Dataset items
┄┄┄┄┄┄┄┄┄┄
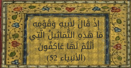 قال تعالى : { إِذْ قَالَ لِأَبِيهِ وَقَوْمِهِ مَا هَذِهِ التَّمَاثِيلُ الَّتِي أَنْتُمْ لَهَا عَاكِفُونَ (52)}
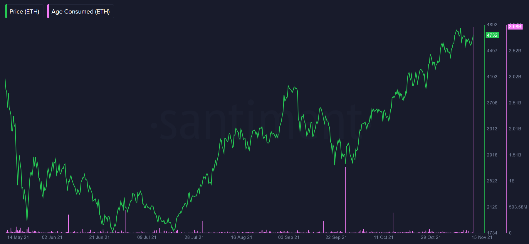 Более 1,8 млн ETH, неактивных последние пять лет, пришли в движение. Об этом у себя в блоге написали аналитики ресурса Santiment. Сообщается, что 15 ноября в сети Ethereum зафиксирована вспышка перемещения более 1,82 млн ETH. Большинство из этих монет перемещались еще в 2016 году.
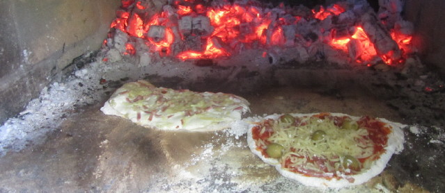 (1) Pizza mit Oliven am 1.9.2013 (2) Pizza mit Käse
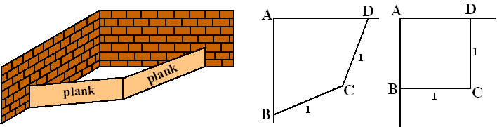 Zie de figuur hieronder. De planken worden zo geplaatst dat het bovenaanzicht van de zandbak een symmetrische vierhoek is. In de figuren rechts is van twee mogelijke situaties het bovenaanzicht op schaal getekend. In de volgende vragen worden de hoeken steeds in radialen uitgedrukt. |
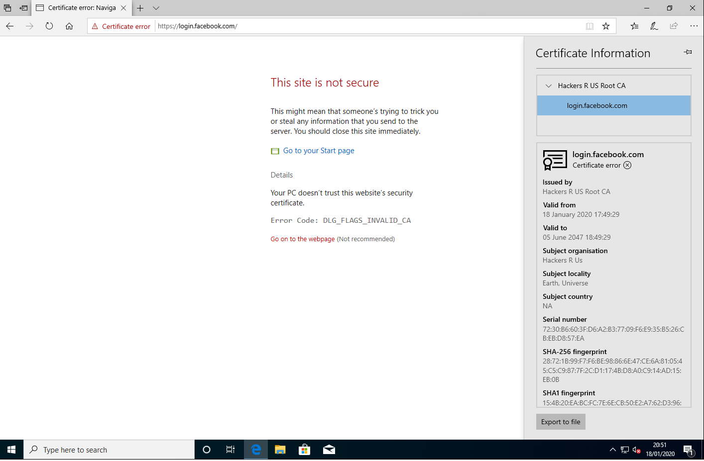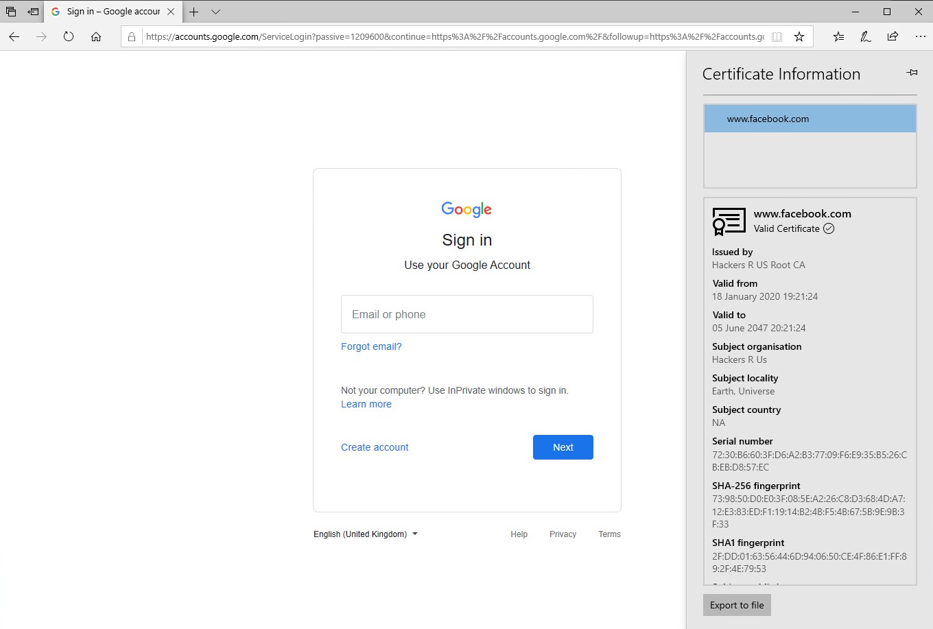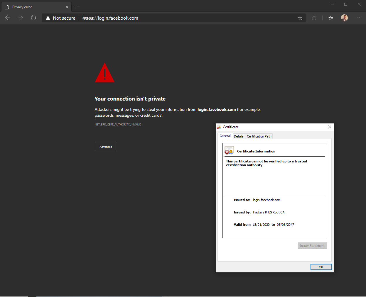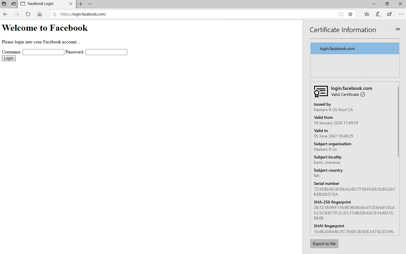 The first illustration will be a rogue service. For this I will setup a simple spoofed login page for Facebook. I purposely made it a VERY bad and horrible spoof, just to help emphasize the point that this is not a legitimate page, as well as not being the point of this example. Attackers would typically take great effort to make as indistinguishable from the real login page as possible. I'm merely trying to show that IE and Edge on vulnerable systems would show the certificate being valid for an obviously illegitimate site.
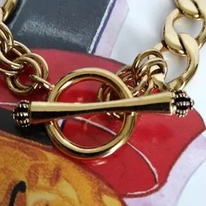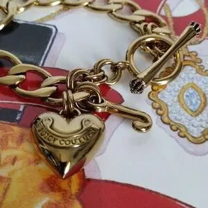 Such a fun blast from the past! You will love this vintage puffy heart bracelet from Juicy Couture! The color of the gold-tone metal is rich and the bracelet is a nice heavyweight. There is a J charm next to the heart and a long toggle clasp so it's easy to put on and remove. In great vintage condition with some rubs to the color on the back of the heart and on some links, please review pics.
┄┄┄┄┄┄┄┄┄┄
[Work order] This task calls for an exact copy of the data above, without pictures.

[Exercise answer]
 قال تعالى : { إِذْ قَالَ لِأَبِيهِ وَقَوْمِهِ مَا هَذِهِ التَّمَاثِيلُ الَّتِي أَنْتُمْ لَهَا عَاكِفُونَ (52)}
 Более 1,8 млн ETH, неактивных последние пять лет, пришли в движение. Об этом у себя в блоге написали аналитики ресурса Santiment. Сообщается, что 15 ноября в сети Ethereum зафиксирована вспышка перемещения более 1,82 млн ETH. Большинство из этих монет перемещались еще в 2016 году.
 (1) Pizza mit Oliven am 1.9.2013 (2) Pizza mit Käse
 Zie de figuur hieronder. De planken worden zo geplaatst dat het bovenaanzicht van de zandbak een symmetrische vierhoek is. In de figuren rechts is van twee mogelijke situaties het bovenaanzicht op schaal getekend. In de volgende vragen worden de hoeken steeds in radialen uitgedrukt. |
 The first illustration will be a rogue service. For this I will setup a simple spoofed login page for Facebook. I purposely made it a VERY bad and horrible spoof, just to help emphasize the point that this is not a legitimate page, as well as not being the point of this example. Attackers would typically take great effort to make as indistinguishable from the real login page as possible. I'm merely trying to show that IE and Edge on vulnerable systems would show the certificate being valid for an obviously illegitimate site.
 Such a fun blast from the past! You will love this vintage puffy heart bracelet from Juicy Couture! The color of the gold-tone metal is rich and the bracelet is a nice heavyweight. There is a J charm next to the heart and a long toggle clasp so it's easy to put on and remove. In great vintage condition with some rubs to the color on the back of the heart and on some links, please review pics.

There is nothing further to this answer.